Pictures are to be left out. Return exactly the lines below from the one with "This photography marketing" up to and including the one with "藍色條紋襯衫男長袖高級感外套痞帥外穿情侶寬松春秋夏季美式襯衣".

DATA FOR THIS EXERCISE:
---

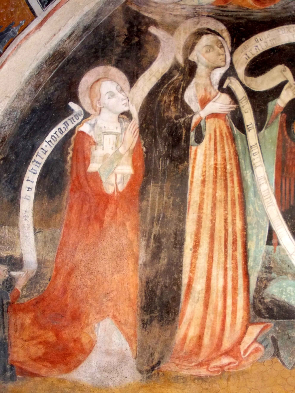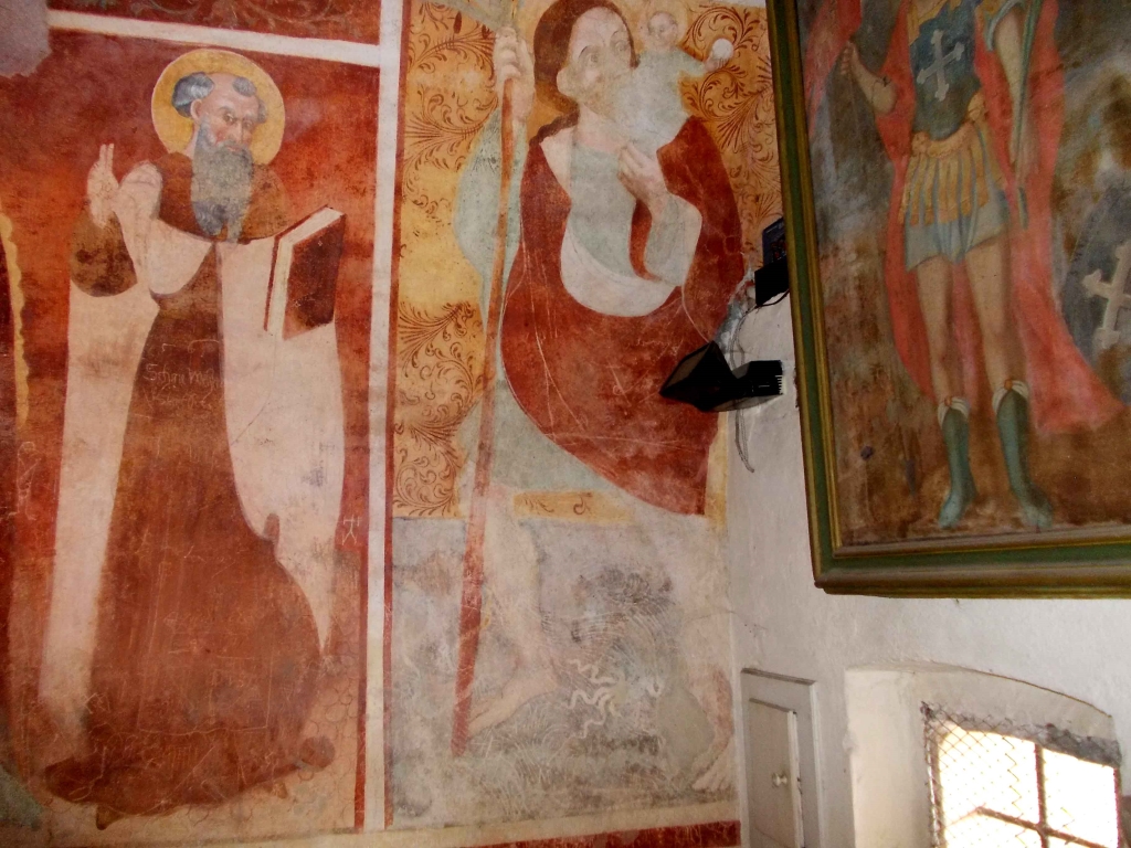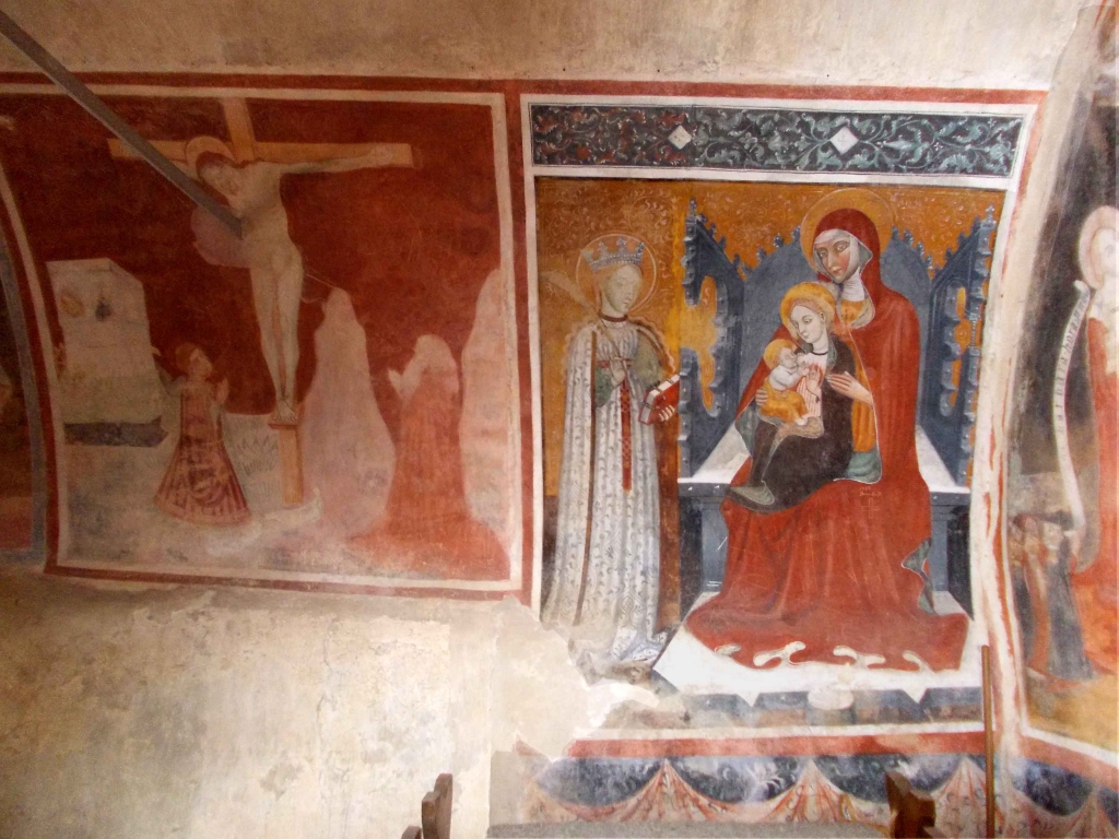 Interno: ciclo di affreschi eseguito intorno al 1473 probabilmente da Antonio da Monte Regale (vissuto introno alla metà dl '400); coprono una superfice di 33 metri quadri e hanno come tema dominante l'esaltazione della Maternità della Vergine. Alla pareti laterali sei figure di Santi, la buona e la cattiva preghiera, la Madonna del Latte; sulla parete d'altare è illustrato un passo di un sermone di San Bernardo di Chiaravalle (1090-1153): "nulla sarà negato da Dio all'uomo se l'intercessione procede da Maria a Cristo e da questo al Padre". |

---

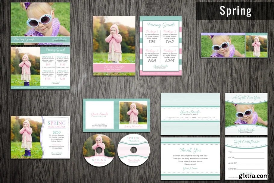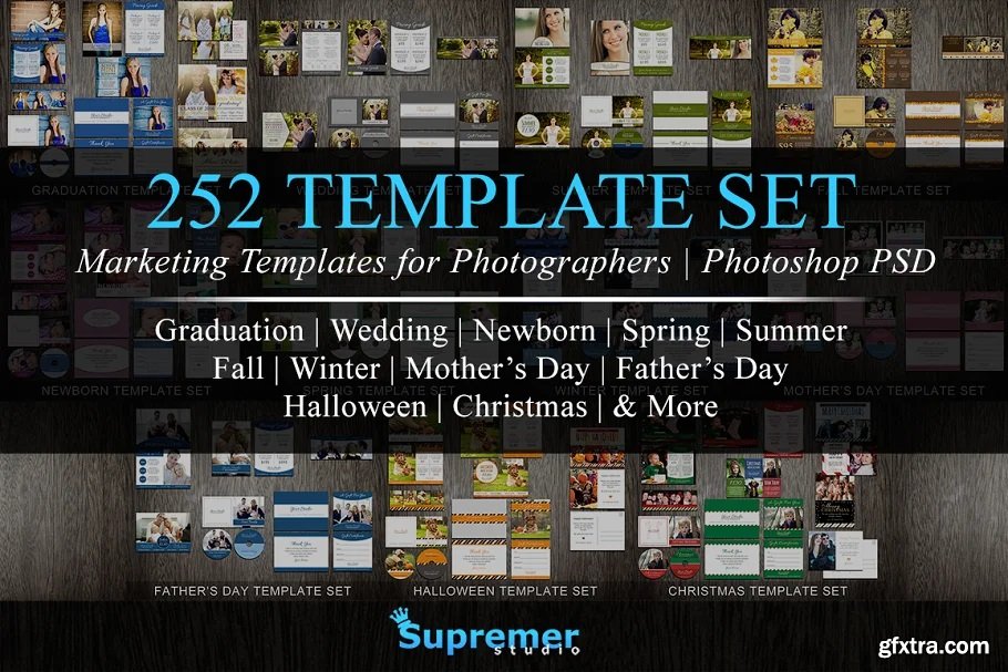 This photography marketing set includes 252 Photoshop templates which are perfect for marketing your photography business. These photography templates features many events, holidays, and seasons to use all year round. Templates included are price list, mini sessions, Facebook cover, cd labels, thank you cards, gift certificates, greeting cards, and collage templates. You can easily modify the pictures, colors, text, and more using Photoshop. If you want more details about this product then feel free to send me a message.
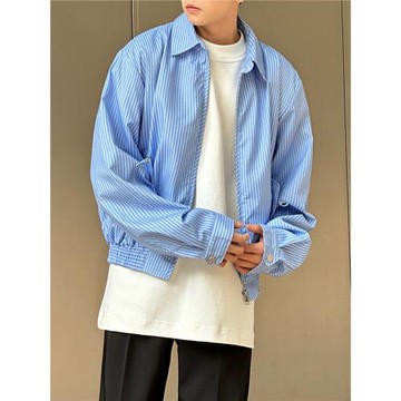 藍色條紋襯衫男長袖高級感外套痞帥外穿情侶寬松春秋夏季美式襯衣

---

REPLY TO THE TASK:
 This photography marketing set includes 252 Photoshop templates which are perfect for marketing your photography business. These photography templates features many events, holidays, and seasons to use all year round. Templates included are price list, mini sessions, Facebook cover, cd labels, thank you cards, gift certificates, greeting cards, and collage templates. You can easily modify the pictures, colors, text, and more using Photoshop. If you want more details about this product then feel free to send me a message.
 藍色條紋襯衫男長袖高級感外套痞帥外穿情侶寬松春秋夏季美式襯衣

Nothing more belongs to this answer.